After you run the systemctl daemon-reload and systemctl daemon-reexec commands on Alibaba Cloud Linux 3, the pod cannot use GPUs as expected. If you run the nvidia-smi command in the pod, the following error is returned:

sudo nvidia-smi

Failed to initialize NVML: Unknown Error

Cause

When you use systemd on Alibaba Cloud Linux 3 and run the systemctl daemon-reload and systemctl daemon-reexec commands, cgroup configurations are updated. As a result, pods cannot use NVIDIA GPUs as expected. For more information, see issue 1671 and issue 48.

Solution

Perform the following operations to fix this issue:

  • Scenario 1: If the pod uses the environment variable NVIDIA_VISIBLE_DEVICES=all to request GPU resources, you can configure the pod to run in privileged mode.

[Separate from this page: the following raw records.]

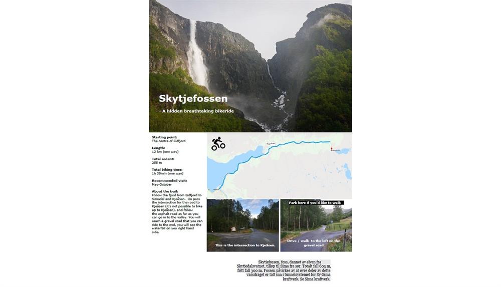 Skytjefossen har ein fallhøgde på 300 meter. Den er regulert, men kan i periodar ha god vannføring og er då eit fantastisk syn.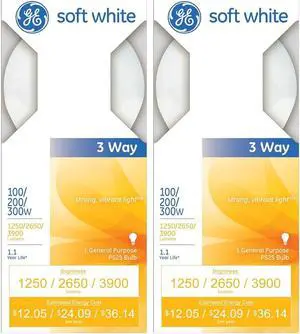 (2 bulbs) GE 41459 PS25D 3 Way Mogul Base Bulbs 100/200/300 Watt PS25 Soft White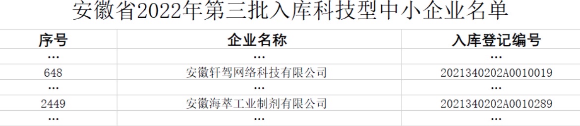 5月26日,安徽省科技廳公示了2022年第三批擬入庫(kù)科技型中小企業(yè)名單,園區(qū)安徽海萃工業(yè)制劑有限公司和安徽軒架網(wǎng)絡(luò)科技有限公司兩戶企業(yè)成功入庫(kù)。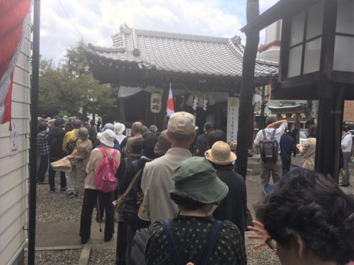 25日の例大祭は11時からとのことで、余裕をもって30分前に行ったところ、早くもこの行列!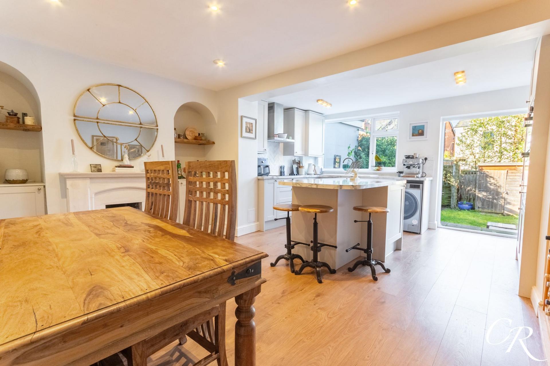 Dining Room: Opening seamlessly from the kitchen, the dining area offers ample space for a full-sized table and chairs, ideal for entertaining. Recessed alcoves and a feature fireplace add character, while the open-plan layout enhances the sense of space and flow.

Example:

    apiVersion: v1
    kind: Pod
    metadata:
      name: test-gpu-pod
    spec:
      containers:
        - name: test-gpu-pod
          image: centos:7
          command:
          - sh
          - -c
          - sleep 1d
          securityContext: # Configure the pod to run in privileged mode.
            privileged: true
  • Scenario 2: If the pod has GPU sharing enabled, we recommend that you run the pod on Alibaba Cloud Linux 2 or CentOS 7.

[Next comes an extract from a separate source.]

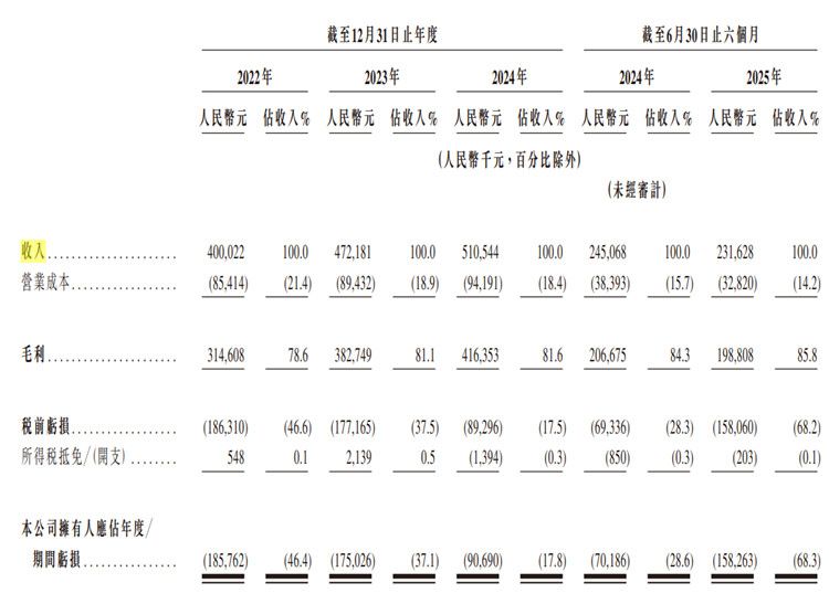招股书显示,在2022年-2024年以及2025年上半年,嗨学网的收入分别为4.00亿元、4.72亿元、5.11亿元及2.32亿元;同期毛利率分别为78.6%、81.1%、81.6%及85.8%。2022年-2024年以及2025年上半年,嗨学网分别亏损1.86亿元、1.75亿元和9069万、1.58亿元,报告期累计亏损超6亿元。

  • Scenario 3: Recreate the pod. Evaluate the impact of pod recreation. However, this issue may persist after you recreate the pod.

  • Scenario 4: If this issue persists, you can use another operating system, such as Alibaba Cloud Linux 2 or CentOS 7.

What do I do if a GPU falls off the bus due to an XID 119 or XID 120 error?

  • Problem description

    A GPU has fallen off the bus. For example, an error message that indicates a GPU fails to be started appears when you use the GPU on a Linux machine. After you run the sh nvidia-bug-report.sh command, you can view XID 119 or XID 120 error messages in the log. The following figure shows an example of an XID 119 error page.

    报错信息.png

    Note

    For more information, see Common XID Errors in the NVIDIA official documentation.

  • Cause

    The preceding issue may be caused by the abnormal running status of the GPU System Processor (GSP) component of the GPU. NVIDIA does not provide a specific driver version to fix the issue. We recommend that you disable the GSP feature before you use the GPU.

    Note

    For more information about GSP, see Chapter 42. GSP Firmware in the official NVIDIA documentation.

  • Solution

    Disable the GPU System Processor (GSP) component based on different scenarios.

    Add new nodes

    You can create a node pool or modify the configurations of an existing node pool. Add the ack.aliyun.com/disable-nvidia-gsp label and set the label value to true. This way, when you add new nodes to the node pool in subsequent operations, the GSP component is automatically disabled for the newly added nodes.

    For more information about the operations and parameters, see Create a node pool and Modify a node pool.

    image

    Note

    If you disable the GSP component, the time required to scale out nodes may increase.

    Add existing nodes

    1. You can create a node pool or modify the configurations of an existing node pool to which you want to add nodes. Add theack.aliyun.com/disable-nvidia-gsp label and set the label value to true. This way, when you add existing nodes to the node pool in subsequent operations, the GSP component is automatically disabled for the nodes.

      For more information about the operations and parameters, see Create a node pool and Modify a node pool.

      image

      Note

      If you disable the GSP component, the time required to scale out nodes may increase.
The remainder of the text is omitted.